Béa Fertility has a plan to launch the first at-home fertility clinic, making insemination treatment affordable, accessible and bring up the potential success rates.
Fertility clinics and treatments are infamously tough to access. While one in seven couples in the UK faces infertility challenges, it is estimated that less than five per cent of these people can get access to treatment. Because of cuts to funding and stringent rules on who can be treated, just 35 per cent of IVF is funded by the NHS, and increasingly the field is dominated by private fertility clinics, which has made it difficult for many people to afford treatment. For gay or lesbian couples, who have the added cost of acquiring donor eggs and/or sperm for artificial insemination, the problem is even worse. Insemination at home seems to be the obvious answer, but with few resources available to support and guide people trying to do this, it can easily become overwhelming for those who want the treatments offered by fertility clinics, at home.
One British startup wants to change that and create a new option, which combines the home and the fertility clinic. Béa Fertility – which was co-founded by Tess Cosad, George Thomas and David O’Rourke – are launching the first at-home fertility treatment after netting $1m (£700,000) in pre-seed funding in April.
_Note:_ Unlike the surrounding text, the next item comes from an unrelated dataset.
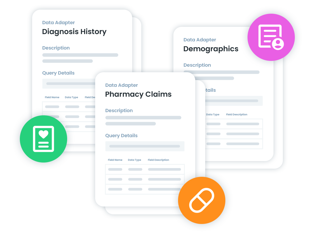 In-house AI / ML efforts often stop indefinitely when data transformation pipelines must be reengineered for production use. With ClosedLoop, your team can deliver value faster with data adapters that transform raw data into a standardized schema for use throughout training and production. Configurable templates for common data sources include:

Their aim is to make fertility treatments affordable and accessible to those locked out of the system. Béa Fertility’s kits, will be delivered straight to your door, for you to perform home insemination easily and effectively. These affordable kits will be a comprehensive treatment and include pregnancy tests, fertility tests and sperm donation pots, alongside their main product: an intracervical insemination (ICI) device. This is an applicator used to place a silicone cap (provided) filled with sperm onto the cervix, where it stays for four to six hours.
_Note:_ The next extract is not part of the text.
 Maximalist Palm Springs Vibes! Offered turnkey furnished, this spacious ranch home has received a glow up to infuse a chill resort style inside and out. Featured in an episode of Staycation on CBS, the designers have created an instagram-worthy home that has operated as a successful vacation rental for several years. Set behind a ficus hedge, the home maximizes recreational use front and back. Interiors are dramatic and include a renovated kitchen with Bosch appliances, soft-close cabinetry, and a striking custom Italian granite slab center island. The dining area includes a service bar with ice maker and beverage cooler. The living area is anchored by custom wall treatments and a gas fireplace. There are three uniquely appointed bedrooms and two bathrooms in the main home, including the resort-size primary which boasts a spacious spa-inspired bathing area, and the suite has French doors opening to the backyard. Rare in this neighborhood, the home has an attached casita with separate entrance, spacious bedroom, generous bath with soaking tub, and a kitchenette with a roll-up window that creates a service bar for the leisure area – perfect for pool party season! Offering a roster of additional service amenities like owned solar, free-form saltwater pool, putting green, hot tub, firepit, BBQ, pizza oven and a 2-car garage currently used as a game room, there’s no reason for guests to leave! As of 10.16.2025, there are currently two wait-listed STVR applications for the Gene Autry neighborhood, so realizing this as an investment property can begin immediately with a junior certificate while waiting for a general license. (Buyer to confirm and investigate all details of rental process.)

“I’m a clinical embryologist, so I worked on Harley Street for a long time,” explains David. “And a tiny amount of people got the opportunity to sit in front of me. That was something I could only do for so long before I didn’t feel comfortable with it anymore.” Tackling that issue led him to work on an home insemination device to “crack open” access. It was after three years of stringent research and over ninety prototypes that David connected with Tess, a marketing specialist with experience working with several technology companies. “I knew I was looking for something else,” Tess says. “And working on something that drives [fertility] access fits right in my wheelhouse.”
Béa Fertility’s technology, intracervical insemination (ICI), is a long-established conception strategy, but has been increasingly replaced by in-clinic options such as In Vitro Fertilisation (IVF) and Intrauterine Insemination (IUI). “A lot of papers were produced around ICI and IUI documenting very similar efficacy rates,” explains David. Béa expects the at home insemination kit to deliver the same kind of success rate as IUI – ten to twenty per cent on the first cycle – at a fifth of the cost of a single IUI treatment, which is typically around £1,500, making them a far more affordable fertility treatment option.
Fertility treatments are most effective after multiple rounds, but the high cost of IVF and IUI often makes that impossible for many. The lower cost of the Béa kit will make it a affordable fertility treatment for monthly use, thus bringing up the potential success rates – predictions are as high as 60 per cent after several months. By giving people the ability to perform insemination at home, effectively Béa hopes to give their customers more control over their treatment process than they would experience in a fertility clinic.
“If you look at a lot of the innovation in the fertility sector today, it’s very easy to innovate digitally,” explains Tess, citing the abundance of cycle-tracking apps, hormone testing and more that dominates the booming fertility-tech scene. “We’re going right to the centre of the problem.”
That hardware focus comes with challenges, such as stringent regulation for medical devices such as Béa’s, but Tess and David expect to get UK and EU medical clearance by the end of this year, allowing them to fully launch in 2022. As infertility rates have skyrocketed in recent decades, the Béa team is sure the issue isn’t going away. “The problem is only going in one direction,” Tess says. “We need more treatment options.”
Disclaimer: Gender is experienced differently by all, particularly when it comes to our fertility. Our articles are written by a variety of authors, all of whom bring their experiences into their writing. Some articles will reflect these experiences more than others, and our goal is always to create content that represents all families.